The decision follows the recommendations of the National Board of Wildlife (NBWL). In its meeting on October 14, the standing committee of NBWL recommended giving clearance to the proposal of the Jammu and Kashmir Mineral Development Corporation Limited (JMDC) to mine magnesite (magnesium carbonate) from about 18 ha land on the Chipprian Hills near Katra town. The site is owned by the Mata Vaishno Devi Shrine Board. A 30,000-tonne-per-annum dead burnt magnesia plant, proposed in the region, has also been approved.
JMDC had signed a memorandum of understanding with the shrine board. A total of 485.30 ha has been leased by the board for mining and setting up the plant. These land parcels are within five kilometres of the Trikuta wildlife sanctuary.
In April this year, NBWL agreed to de-notify the entire sanctuary comprising 3,140 ha following an application by the state forest department and the shrine board. The board said it needed the land for developing facilities for the ever-increasing number of visitors to the shrine. The sanctuary, a home to leopards, gorals and cheer pheasants, was notified in 1981. However, the area has never been in the physical possession of the wildlife department.
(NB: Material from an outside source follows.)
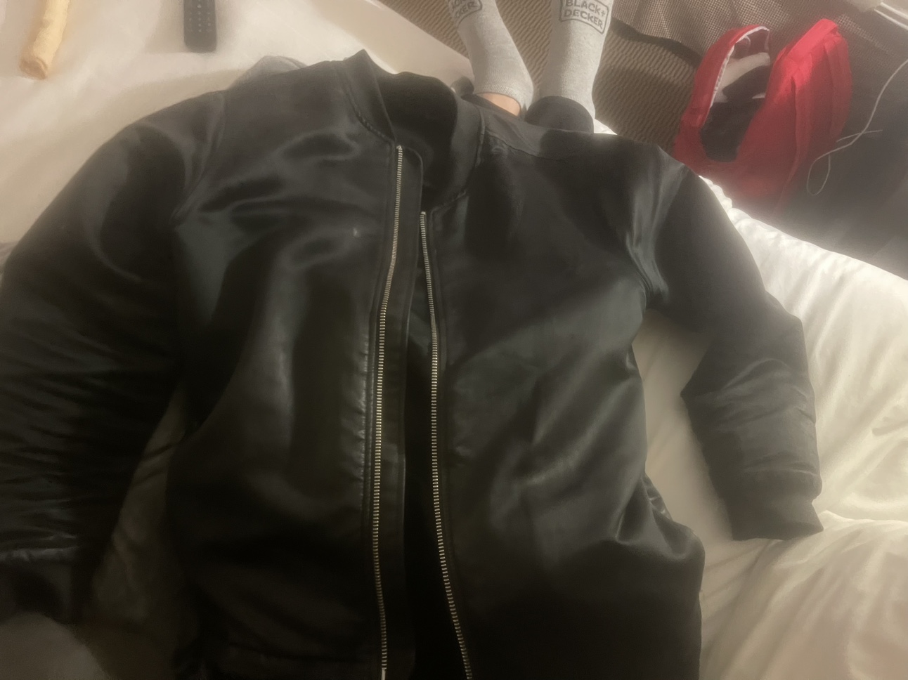 43Black spring coat, bought at Simon’s in Calgary.
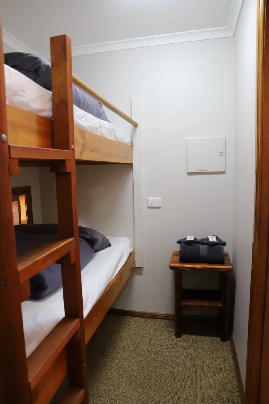Fitzroy apartment features a large bedroom with Queen bed, large combined lounge/dining, fully equipped kitchenette & bathroom with shower/toilet, Reverse Cycle air-conditioning, TV and is a perfect choice for those who enjoy a little more space than our cabins offer.

A few non-official members of the board had objected to the de-notification of the sanctuary. “This denotification sets a very bad precedent of denotifying entire sanctuaries,” says Prerna Bindra, a conservationist and a non-official member of the board. It was decided by the board that twice or more area than that of the sanctuary will be identified and notified simultaneously as a sanctuary in lieu of the de-notification of the Trikuta sanctuary. Besides, the company will also have to carry out eco-development works through the State Wildlife Department in the buffer zone of the sanctuary at a cost of Rs 25 lakh per annum. A K Singh, chief wildlife warden of state refused to comment on the issue while the officials in Maa Vaishno Devi Shrine Board could not be contacted despite repeated attempts.